Holley chose law as a graduate school opportunity before entering the foreign service.  It was in law school that he changed his mind and decided to practice.  “Ralph R. Mabey, a former bankruptcy judge, was our professor, and I wanted to be like him,” Holley explains.

“Reogranizations class was treated like an actual bankruptcy case,” he explains.  “It’s something that I enjoyed and connected with.”

Atamoh is the child of a Nigerian father and Bulgarian mother, whose mother escaped communist rule to live in Munich.  She came to college in America and after briefly considering medicine decided to pursues a law degree.  “I always wanted to practice international corporate law,” she says.  “I speak three languages so it just seemed to fit.  But, I didn’t want to go into gaming law, which was the closest choice, so I fell into the bankruptcy practice by pure chance.”

While Richard Holley left his partnership with another firm to join Holley Driggs, Atamoh has been a part of the firm since law school.  “I interviewed with the firm while still a law student,” Atamoh says, “and before I finished the drive home, they had called to offer me the job.”

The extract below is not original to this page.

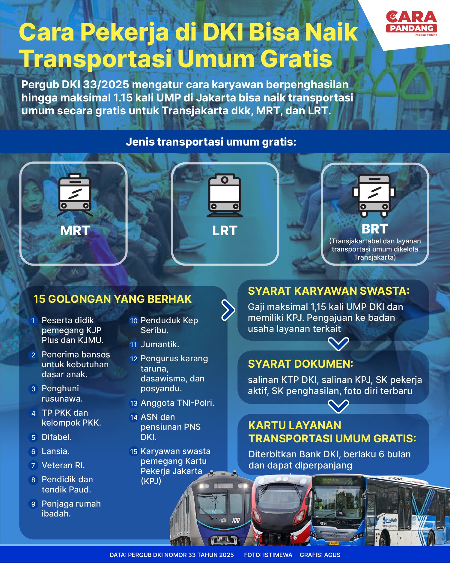 Pergub DKI 22/2025 mengatur cara karyawan berpenghasilan maksimal 1.15 kali UMP di Jakarta bisa naik transportasi umum secara gratis untuk Transjakarta dkk , MRT, dan LRT.

With only a one-year sabbatical to clerk for the 9th Circuit Court of Appeals, Atamoh has spent her entire legal career at the firm eventually rising to the level of partner.

“We  hire attorneys with the perspective that they’ll be our partners,” Holley says.  “We don’t have any corner offices and did that on purpose.  We are a team and architecture reflects personality.”

Not only is the firm personality one of congeniality, it is one of excellence.  Holley is one of only three attorneys in the United States to be named to the American College of Bankruptcy at an installation ceremony in Washington D.C. at the U.S. Supreme Court.

“There was a police escort for the busses,” Atamoh says.  “It was a big deal!”

The firm also places a high priority on giving back to the community.  “If someone here is interested in a cause or charity then everyone is open minded and looks into it,” says Atamoh.

“We have a dedicated contributions committee and have put a lot of work into Shade Tree, a shelter for homeless women,” says Holley.  “Last year we worked with a communities and schools coalition and went to elementary schools to read books to children.”

Whatever the details of the case, or the complexity of the business, the key phrase that drives the Holley, Driggs, Walch, Puzey & Thompson team is advocacy for their client.